Прислужник поспешил исполнить приказание своего господина и в одно мгновение побрил его и причесал.

– О, опять увидеть ее, увидеть! – вскрикивал молодой человек. – Поистине, Лорен, я еще не знал, что такое счастье!

– Бедный мой Морис! Мне кажется, что ты нуждаешься в том посещении, которое я тебе советовал.

– О, любезный друг, – вскричал Морис, – извини меня, но мне кажется, что я потерял разум!

– Так предлагаю тебе заменить его моим, – сказал Лорен, смеясь над этим ужасным каламбуром.

А всего удивительнее то, что и Морис смеялся.

Счастье сделало его снисходительным к остротам.

– На, – сказал он, отрезав ветку расцветшего померанца, – предложи от меня этот букет достойной вдове Мавзола.

– Это другое дело! – вскричал Лорен. – Вот это любезность! Я тебя прощаю. А теперь мне кажется, что ты решительно влюблен, и я всегда питал глубокое почтение к большим несчастьям.

– Ну да, я влюблен, – вскричал Морис, переполненный радостью, – я влюблен и теперь могу сознаться в том, потому что она меня любит!
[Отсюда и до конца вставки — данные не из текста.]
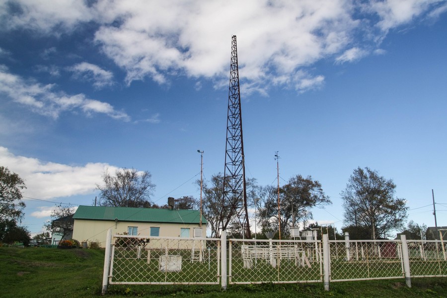 Метеостанция — локация не туристическая. Крохотный бетонный домик, ничем не примечательный, спрятан на вершине сопки среди неприглядного частного сектора. Только одним удивляет метеостанция — великолепной ажурной метеовышкой, проржавевшей за сто лет, но продолжающей уверенно стоять на своём основании. Но сколько еще отпущено ей судьбой — сказать сложно. Видно, что реставрацией этого места и уж тем более, превращением его в памятник истории и архитектуры никто особенно не озабочен. Мне Корсаковская метеовышка напомнила Шуховскую башню на московской Шаболовке, такую же ветхую и запущенную.

Если опять зовет к себе, стало быть любит, не так ли, Лорен?

– Бесспорно, – снисходительно отвечал поклонник Богини Разума, – но берегись, Морис, ты так это воспринимаешь, что меня страх берет.

Тут Лорен опять сказал стишок, смысл которого был следующий: «Люби, как я, Разум, и ты не сделаешь глупость».
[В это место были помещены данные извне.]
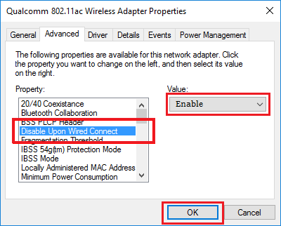 5.在下一个屏幕上,切换到“高级”选项卡,在属性框中选择“有线连接时禁用”选项,在“值”字段中将其值设置为“启用”,然后单击“确定” 。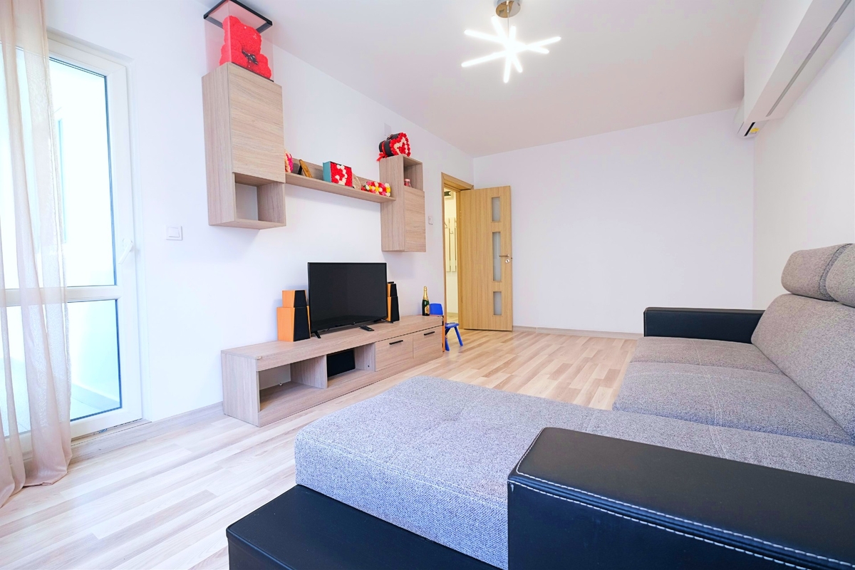 Locatie – apartamentul se afla in bloc pozitionat in zona de interes al cartierului, foarte aproape de: Scoli, Gradinite, Hipermarket-uri si Mega Image cu acces facil catre mijloacele de transport in comun din zona.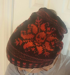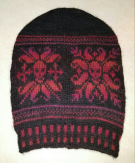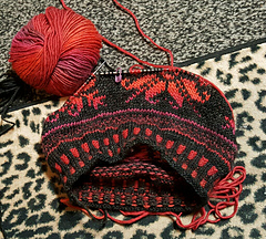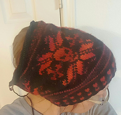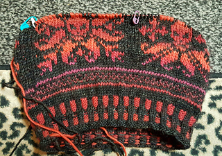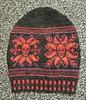 Cast on twisted german stitches 120 on size 2 us needles, purl one row, k2, p2 one row, then alternated 2 x2 in black in red in sts, then, worked ribbed stitches 2 x 2 with the red and black yarn for 12 rows.

– Браво, браво! – вскричал Морис и захлопал в ладоши.

И, разбежавшись, он мигом спустился по лестнице, добрался до набережной и направился к столь знакомой ему старой улице Сен-Жак.

– Мне кажется, он похвалил меня, Сцевола? – спросил Лорен.

– Да, гражданин, да и удивляться нечего; то, что вы сказали, в самом деле очень мило.

– Если так, то он болен серьезнее, чем я предполагал, – сказал Лорен.

И в свою очередь, он спустился с лестницы, но уже не с такой быстротой:

Артемиза была не Женевьева.

Как только Лорен очутился с расцветшей померанцевой веткой в руке на улице Сент-Онорэ, как толпа молодых граждан, которых он взял за привычку, в зависимости от настроения, потчевать толчками или носком под карманьолку, почтительно последовала за ним, принимая его, вероятно, за одного из тех добродетельнейших людей, которых Сент-Жюст предложил отличать белой одеждой и букетом расцветших померанцев.

Толпа все более и более увеличивалась, до того считалось редкостью даже в ту эпоху видеть добродетельного человека; верным счетом была тысяча молодых граждан, когда он преподносил букет Артемизе – знак уважения, которого добивались многие другие Разумы и который доставил им лишь головную боль.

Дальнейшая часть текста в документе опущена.